(Collection entries)

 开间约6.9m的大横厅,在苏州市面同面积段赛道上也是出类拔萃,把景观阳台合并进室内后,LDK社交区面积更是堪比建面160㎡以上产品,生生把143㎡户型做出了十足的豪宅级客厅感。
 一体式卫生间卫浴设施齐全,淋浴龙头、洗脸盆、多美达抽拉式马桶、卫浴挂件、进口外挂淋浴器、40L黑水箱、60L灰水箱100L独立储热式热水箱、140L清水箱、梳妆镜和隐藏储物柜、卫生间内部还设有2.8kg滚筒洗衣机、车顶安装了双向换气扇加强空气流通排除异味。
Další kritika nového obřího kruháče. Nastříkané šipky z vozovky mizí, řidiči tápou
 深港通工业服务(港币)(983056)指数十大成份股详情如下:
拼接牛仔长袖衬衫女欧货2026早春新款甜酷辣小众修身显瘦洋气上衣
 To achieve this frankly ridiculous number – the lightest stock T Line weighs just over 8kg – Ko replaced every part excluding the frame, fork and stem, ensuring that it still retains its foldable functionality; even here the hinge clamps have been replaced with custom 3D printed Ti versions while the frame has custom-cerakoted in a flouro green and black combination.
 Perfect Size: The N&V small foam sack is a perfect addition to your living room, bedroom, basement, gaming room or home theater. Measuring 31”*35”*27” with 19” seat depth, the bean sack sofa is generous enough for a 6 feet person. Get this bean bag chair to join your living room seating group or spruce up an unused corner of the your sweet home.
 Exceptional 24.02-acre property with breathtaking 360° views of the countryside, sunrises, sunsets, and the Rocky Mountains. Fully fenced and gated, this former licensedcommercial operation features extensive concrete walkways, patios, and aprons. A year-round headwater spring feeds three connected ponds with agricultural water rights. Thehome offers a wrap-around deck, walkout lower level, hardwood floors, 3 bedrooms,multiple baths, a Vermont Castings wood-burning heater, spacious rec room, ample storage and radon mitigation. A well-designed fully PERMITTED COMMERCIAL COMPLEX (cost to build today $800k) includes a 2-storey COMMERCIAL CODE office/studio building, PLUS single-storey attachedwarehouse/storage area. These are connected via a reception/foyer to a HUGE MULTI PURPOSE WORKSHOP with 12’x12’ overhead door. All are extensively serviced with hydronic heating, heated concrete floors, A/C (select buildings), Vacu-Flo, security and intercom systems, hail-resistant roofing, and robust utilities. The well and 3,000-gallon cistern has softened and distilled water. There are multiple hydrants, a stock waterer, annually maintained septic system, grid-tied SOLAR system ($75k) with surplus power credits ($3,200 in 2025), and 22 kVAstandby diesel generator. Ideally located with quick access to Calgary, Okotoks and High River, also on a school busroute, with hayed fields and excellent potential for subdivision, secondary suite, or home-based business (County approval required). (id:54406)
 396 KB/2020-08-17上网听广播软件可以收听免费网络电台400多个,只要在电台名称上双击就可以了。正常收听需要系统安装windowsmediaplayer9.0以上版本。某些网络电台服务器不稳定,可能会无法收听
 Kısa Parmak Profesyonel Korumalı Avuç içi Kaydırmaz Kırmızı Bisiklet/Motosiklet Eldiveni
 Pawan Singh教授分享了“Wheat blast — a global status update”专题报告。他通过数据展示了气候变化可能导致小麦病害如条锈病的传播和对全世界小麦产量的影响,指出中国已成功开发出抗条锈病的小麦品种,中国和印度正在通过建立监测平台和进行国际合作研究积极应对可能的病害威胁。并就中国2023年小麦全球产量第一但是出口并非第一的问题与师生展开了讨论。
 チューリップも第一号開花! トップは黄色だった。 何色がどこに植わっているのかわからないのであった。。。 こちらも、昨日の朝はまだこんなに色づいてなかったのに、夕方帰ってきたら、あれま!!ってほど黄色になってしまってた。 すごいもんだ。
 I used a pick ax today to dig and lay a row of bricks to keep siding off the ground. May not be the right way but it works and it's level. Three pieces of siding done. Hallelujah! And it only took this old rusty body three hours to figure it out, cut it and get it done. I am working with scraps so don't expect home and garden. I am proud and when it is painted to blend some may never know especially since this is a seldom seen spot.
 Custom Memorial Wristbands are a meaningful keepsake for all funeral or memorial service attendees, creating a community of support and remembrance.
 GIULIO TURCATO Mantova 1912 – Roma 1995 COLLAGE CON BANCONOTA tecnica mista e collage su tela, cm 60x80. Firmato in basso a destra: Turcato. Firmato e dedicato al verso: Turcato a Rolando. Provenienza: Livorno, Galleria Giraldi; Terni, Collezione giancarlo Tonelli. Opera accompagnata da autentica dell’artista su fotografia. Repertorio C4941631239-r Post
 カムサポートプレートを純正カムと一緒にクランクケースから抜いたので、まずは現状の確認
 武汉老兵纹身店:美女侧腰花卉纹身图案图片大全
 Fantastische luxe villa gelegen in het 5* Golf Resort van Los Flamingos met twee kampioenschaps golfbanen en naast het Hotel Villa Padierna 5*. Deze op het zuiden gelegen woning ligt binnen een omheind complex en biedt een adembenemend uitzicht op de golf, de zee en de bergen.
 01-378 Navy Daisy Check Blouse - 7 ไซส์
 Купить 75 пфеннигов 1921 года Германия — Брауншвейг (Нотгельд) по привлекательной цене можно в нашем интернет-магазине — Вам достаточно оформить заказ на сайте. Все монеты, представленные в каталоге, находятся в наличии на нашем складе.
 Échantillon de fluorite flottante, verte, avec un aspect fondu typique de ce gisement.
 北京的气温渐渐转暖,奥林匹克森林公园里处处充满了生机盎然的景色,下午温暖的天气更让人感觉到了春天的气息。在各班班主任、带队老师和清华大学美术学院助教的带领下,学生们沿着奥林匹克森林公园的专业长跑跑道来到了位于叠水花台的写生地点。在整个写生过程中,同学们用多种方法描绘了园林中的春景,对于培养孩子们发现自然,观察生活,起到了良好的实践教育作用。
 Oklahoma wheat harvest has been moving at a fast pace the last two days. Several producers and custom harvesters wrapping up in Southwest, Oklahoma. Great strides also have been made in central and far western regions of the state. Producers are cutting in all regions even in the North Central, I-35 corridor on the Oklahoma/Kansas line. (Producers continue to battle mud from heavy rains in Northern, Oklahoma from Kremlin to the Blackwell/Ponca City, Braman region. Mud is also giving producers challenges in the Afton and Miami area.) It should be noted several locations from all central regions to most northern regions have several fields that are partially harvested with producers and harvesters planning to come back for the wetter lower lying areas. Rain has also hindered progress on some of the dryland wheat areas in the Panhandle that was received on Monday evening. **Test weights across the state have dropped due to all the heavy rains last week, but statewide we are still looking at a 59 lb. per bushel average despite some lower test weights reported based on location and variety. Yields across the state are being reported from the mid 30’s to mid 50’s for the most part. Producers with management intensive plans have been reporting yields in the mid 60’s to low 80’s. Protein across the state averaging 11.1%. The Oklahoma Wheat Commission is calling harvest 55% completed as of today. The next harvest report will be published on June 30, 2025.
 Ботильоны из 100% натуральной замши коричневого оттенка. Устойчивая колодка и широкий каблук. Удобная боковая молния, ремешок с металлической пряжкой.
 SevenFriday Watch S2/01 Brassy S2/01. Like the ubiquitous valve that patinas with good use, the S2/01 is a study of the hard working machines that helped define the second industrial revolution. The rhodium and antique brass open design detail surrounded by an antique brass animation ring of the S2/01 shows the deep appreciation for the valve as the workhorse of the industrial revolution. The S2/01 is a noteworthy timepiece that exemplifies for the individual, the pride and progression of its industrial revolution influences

*Required action*
Take exactly the lines from the one containing "武汉老兵纹身店:美女侧腰花卉纹身图案图片大全" through the one containing "01-378 Navy Daisy Check Blouse - 7 ไซส์" in the data above, and output them with nothing added.

*Response to this task*
 武汉老兵纹身店:美女侧腰花卉纹身图案图片大全
 Fantastische luxe villa gelegen in het 5* Golf Resort van Los Flamingos met twee kampioenschaps golfbanen en naast het Hotel Villa Padierna 5*. Deze op het zuiden gelegen woning ligt binnen een omheind complex en biedt een adembenemend uitzicht op de golf, de zee en de bergen.
 01-378 Navy Daisy Check Blouse - 7 ไซส์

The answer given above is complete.